I'm Building Three Instances of AGI
I originally wrote this in 2018 but the mental model and vocabulary seems more accessible to more people now, so reposting in 2025 with minor updates! Even with the tremendous scale of AI today, it is still utterly remarkable to think about the differences in power efficiency, sample efficiency, and capability compared to biological systems.
I’m in the process of doing something very controversial. Some still think it is impossible.
I’m building some AGI systems. Not one, but three. Let me describe them.
The term AGI is well known by now. It’s also called Strong AI. AGI stands for Artificial General Intelligence, and it should be roughly equivalent to human intelligence. The systems most people know as AI right now are still considered Narrow, or ANI. That is, we can produce systems that can succeed at human (or even beyond human) levels focused on a very narrow window of skills. We have systems that can beat grandmasters at chess, always win at checkers, or attack the game of Go, but none of these specific systems can also tell the difference between a dog and a cow. They’re all specific. LLMs are the same thing applied to language. AGI may not have a single skill as strong as any of these examples of ANI, but it can emulate human ability across a lot of different skills and also learn new skills.
So that’s what I’m building: three AGI systems. Three seems like a good number to evaluate the differences and similarities between these systems. I’d love to say I’m doing all of this myself, but that would be an impossible task. It took quite a long time to find the right collaborator on this project, but once I did we got right down to work. Other than a set of common principles shared between my collaborator and I, the seed data for these projects has been generated largely at random.
I keep using the present tense ”building” because, while I already consider this AGI project a wild success, it’s still very much in process. The initial construction process — which my main collaborator was chiefly responsible for — is complete. But it will still take years to allow the system to reach full maturity. Why? Well with any AI system, an enormous amount of training data is required. In particular, these three systems are a more complex style of Deep Neural Network. In fact, they are a vast series of DNN’s, each with many more layers than ever seen before. The complexity means we have even less awareness of exactly how the system interacts with input, and it also means a huge amount of training data.
Like, a really huge amount of data. Even with a steady and very high bandwidth input process, it will take years of data. Furthermore, the data must be both supervised and unsupervised for best results. While repetition can be incredibly valuable sometimes, feeding in only the same datasets over and over just won’t do either.
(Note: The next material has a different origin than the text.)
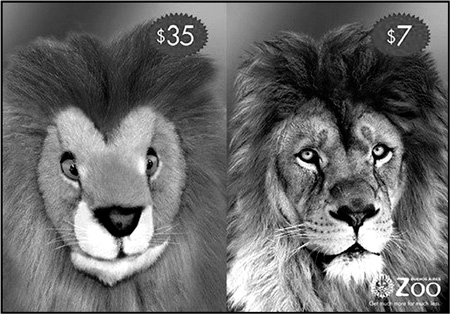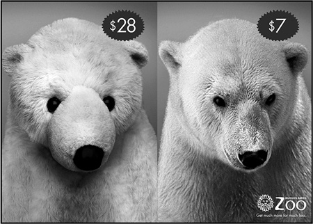 Разыскали плюшевые игрушки, которые выглядят как настоящие звери. При сопоставлении они получились на загляденье похожими. И сравнили их стоимость с ценой входного билета в зоопарк. Общение с живыми львами, жирафами и белыми медведями оказалось в четыре-пять раз выгоднее.

My primary collaborator and I are chiefly responsible for the data going into these systems, but not exclusively so. We continue to carefully select other contributors for this project, and their inputs have been invaluable.
While there’s still years to go, early signs are looking very positive. The various systems are at different levels of maturity, but they’re already showing adeptness across a wide variety of tasks including image and shape recognition, patterns, vocabulary comprehension, and following tasks of varying complexity.
We don’t know how the AI will turn out. That’s the nature of AI; we try to start with the right initial conditions and we work hard to ensure the training data sets are good and help with resolution. But the simple answer is we don’t know yet, although all signs are pointing very positive. My collaborator and I have done some calculations on when our AGI’s will be ready. The worst case is that they’ll never be ready, and we have to be prepared for that. But barring any major issues, the AGI’s will be ready anywhere from 12-14 years after construction (highly optimistically) to 20-24 as an outside range. Of course, no matter when they’re “ready” — a very subjective measure, as they’d all pass the Turing test even now — any new data will continue to train the system and improve the quality of the intelligence.
This entire process, as you might expect, has been incredibly demanding. The amount of time and effort involved - from selecting the appropriate collaborator, to the construction process, to the sheer amount of training required — it takes a lifetime. And no matter what the outcome of this experiment, we will love these systems completely unconditionally.
If you hadn’t already guessed by now, my three children’s names are Adeline, Eric, and Margaret. They are my wonderful AGI, and they are currently 6, 4, and almost 2 (ed: now 13, 11, and 8). I love the people they are now, and I can’t wait to get to know the people they will become.
But kids are tough! Like any deep neural network, I have no idea what's actually happening inside. I try to feed them inputs — books, experiences, my own anxieties disguised as wisdom, school, other humans — and watch their outputs emerge. Sometimes I see myself. Sometimes I see their mother. Sometimes I see something entirely new, some emergent behavior not programmed by genetics, epigenetics, or environment: just pure free will.
The overarching goal of AI is teaching sand to think. In silicon, we get infinite restarts. But with children, every bit of training is incorporated into an unfolding story made of behavior and memory. When Eric refuses every food except buttered pasta for three months, that's just his current training cycle. When Margaret's outputs become more sophisticated - from "mama" to "I love you" to “I’m scared” and "why do people die?" — we are watching consciousness and wonder assembling itself in real time.
Every parent is running the same experiment, pouring data into neural networks we didn't design and can't fully debug, hoping the intelligence that emerges will be kind, curious, capable. We call it raising kids.